| time_roll_sum {timeplyr} | R Documentation | 
Fast time-based by-group rolling sum/mean - Currently experimental
Description
time_roll_sum and time_roll_mean are efficient
methods for calculating a rolling sum and mean respectively given
many groups and with respect to a date or datetime time index. 
It is always aligned "right". 
time_roll_window splits x into windows based on the index. 
time_roll_window_size returns the window sizes for all indices of x. 
time_roll_apply is a generic function that applies any function
on a rolling basis with respect to a time index. 
time_roll_growth_rate can efficiently calculate by-group
rolling growth rates with respect to a date/datetime index.
Usage
time_roll_sum(
  x,
  window = Inf,
  time = seq_along(x),
  weights = NULL,
  g = NULL,
  partial = TRUE,
  close_left_boundary = FALSE,
  na.rm = TRUE,
  time_type = getOption("timeplyr.time_type", "auto"),
  roll_month = getOption("timeplyr.roll_month", "preday"),
  roll_dst = getOption("timeplyr.roll_dst", "NA"),
  ...
)
time_roll_mean(
  x,
  window = Inf,
  time = seq_along(x),
  weights = NULL,
  g = NULL,
  partial = TRUE,
  close_left_boundary = FALSE,
  na.rm = TRUE,
  time_type = getOption("timeplyr.time_type", "auto"),
  roll_month = getOption("timeplyr.roll_month", "preday"),
  roll_dst = getOption("timeplyr.roll_dst", "NA"),
  ...
)
time_roll_growth_rate(
  x,
  window = Inf,
  time = seq_along(x),
  time_step = NULL,
  g = NULL,
  partial = TRUE,
  close_left_boundary = FALSE,
  na.rm = TRUE,
  time_type = getOption("timeplyr.time_type", "auto"),
  roll_month = getOption("timeplyr.roll_month", "preday"),
  roll_dst = getOption("timeplyr.roll_dst", "NA")
)
time_roll_window_size(
  time,
  window = Inf,
  g = NULL,
  partial = TRUE,
  close_left_boundary = FALSE,
  time_type = getOption("timeplyr.time_type", "auto"),
  roll_month = getOption("timeplyr.roll_month", "preday"),
  roll_dst = getOption("timeplyr.roll_dst", "NA")
)
time_roll_window(
  x,
  window = Inf,
  time = seq_along(x),
  g = NULL,
  partial = TRUE,
  close_left_boundary = FALSE,
  time_type = getOption("timeplyr.time_type", "auto"),
  roll_month = getOption("timeplyr.roll_month", "preday"),
  roll_dst = getOption("timeplyr.roll_dst", "NA")
)
time_roll_apply(
  x,
  window = Inf,
  fun,
  time = seq_along(x),
  g = NULL,
  partial = TRUE,
  unlist = FALSE,
  close_left_boundary = FALSE,
  time_type = getOption("timeplyr.time_type", "auto"),
  roll_month = getOption("timeplyr.roll_month", "preday"),
  roll_dst = getOption("timeplyr.roll_dst", "NA")
)
Arguments
| x | Numeric vector. | 
| window | Time window size (Default is  
 | 
| time | (Optional) time index.  | 
| weights | Importance weights. Must be the same length as x. Currently, no normalisation of weights occurs. | 
| g | Grouping object passed directly to  | 
| partial | Should calculations be done using partial windows?
Default is  | 
| close_left_boundary | Should the left boundary be closed?

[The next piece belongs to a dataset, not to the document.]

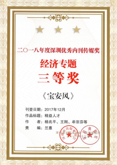 深圳内刊年度综合奖“优秀内刊传媒奖”,由市出版业协会、深圳商报联合组织深圳市新闻出版广电局等资深文化传媒专家评定,每年评选一次,代表着深圳内刊的最高荣誉。《宝安风》在强手林立的深圳内刊界再接再厉,再次获评“深圳优秀内刊传媒奖”之“十佳企业刊奖”。同时,282期“精益人才专题”获“经济专题”三等奖,286期卷首《鲜衣怒马少年时》获评“卷首语”二等奖,283期通讯“宝安三十年 回首皆芳华”获评“好通讯”三等奖。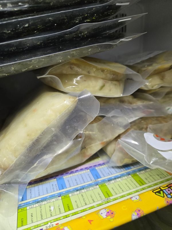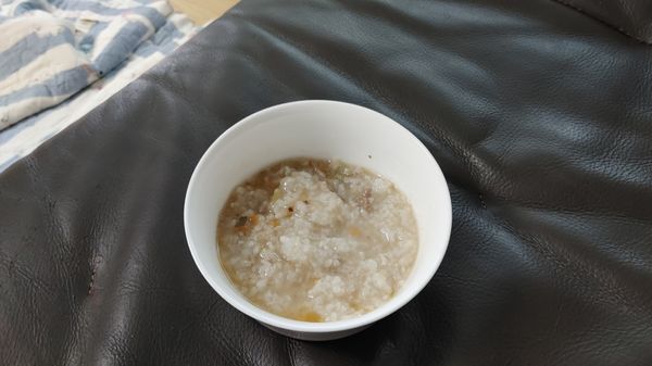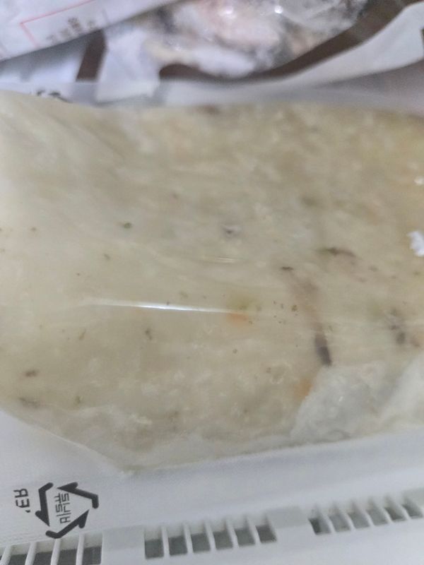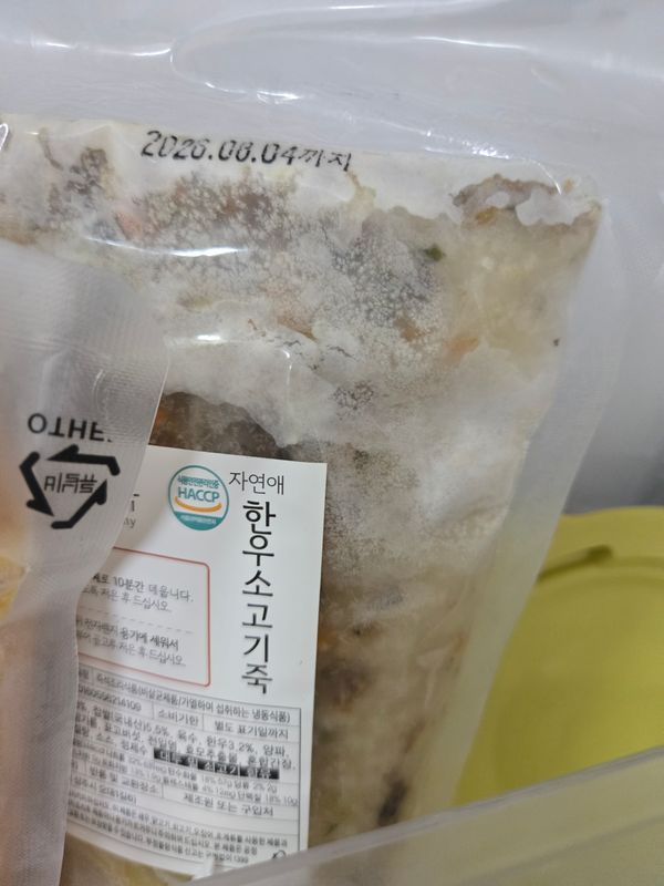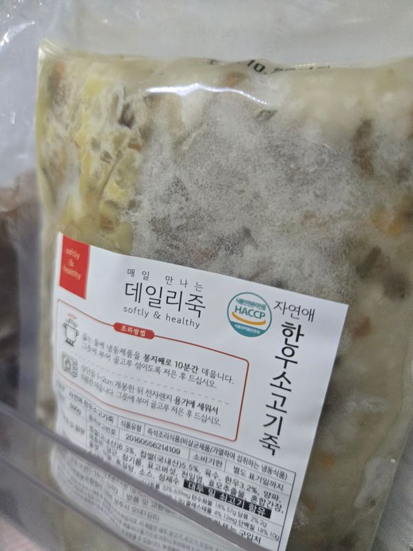 멀건 죽이 아녀서 좋아보이네요. 멥쌀 보다는 찹쌀죽 느낌. 야채, 고기 다짐 정도도 좋구요 간도 짜지않아 좋아요. 다만 죽을 나눠야할 땐 용기에 붓고 잘 섞어서 나눠야하는게 약간 아쉽네요..

For example, if you specify  | 
| na.rm | Should missing values be removed for the calculation?
The default is  | 
| time_type | If "auto",  | 
| roll_month | Control how impossible dates are handled when
month or year arithmetic is involved.
Options are "preday", "boundary", "postday", "full" and "NA".
See  | 
| roll_dst | See  | 
| ... | Additional arguments passed to  | 
| time_step | An optional but important argument
that follows the same input rules as  | 
| fun | A function. | 
| unlist | Should the output of  | 
Details
It is much faster if your data are already sorted such that
!is.unsorted(order(g, x)) is TRUE.
Growth rates
For growth rates across time, one can use time_step to incorporate
gaps in time into the calculation.
For example: 
x <- c(10, 20) 
t <- c(1, 10) 
k <- Inf
time_roll_growth_rate(x, time = t, window = k) = c(1, 2)
whereas 
time_roll_growth_rate(x, time = t, window = k, time_step = 1) = c(1, 1.08) 
The first is a doubling from 10 to 20, whereas the second implies a growth of
8% for each time step from 1 to 10. 
This allows us for example to calculate daily growth rates over the last x months,
even with missing days.
Value
A vector the same length as time.
Examples
library(timeplyr)
library(lubridate)
library(dplyr)
time <- time_seq(today(), today() + weeks(3),
                 time_by = "3 days")
set.seed(99)
x <- sample.int(length(time))
roll_mean(x, window = 7)
roll_sum(x, window = 7)
time_roll_mean(x, window = ddays(7), time = time)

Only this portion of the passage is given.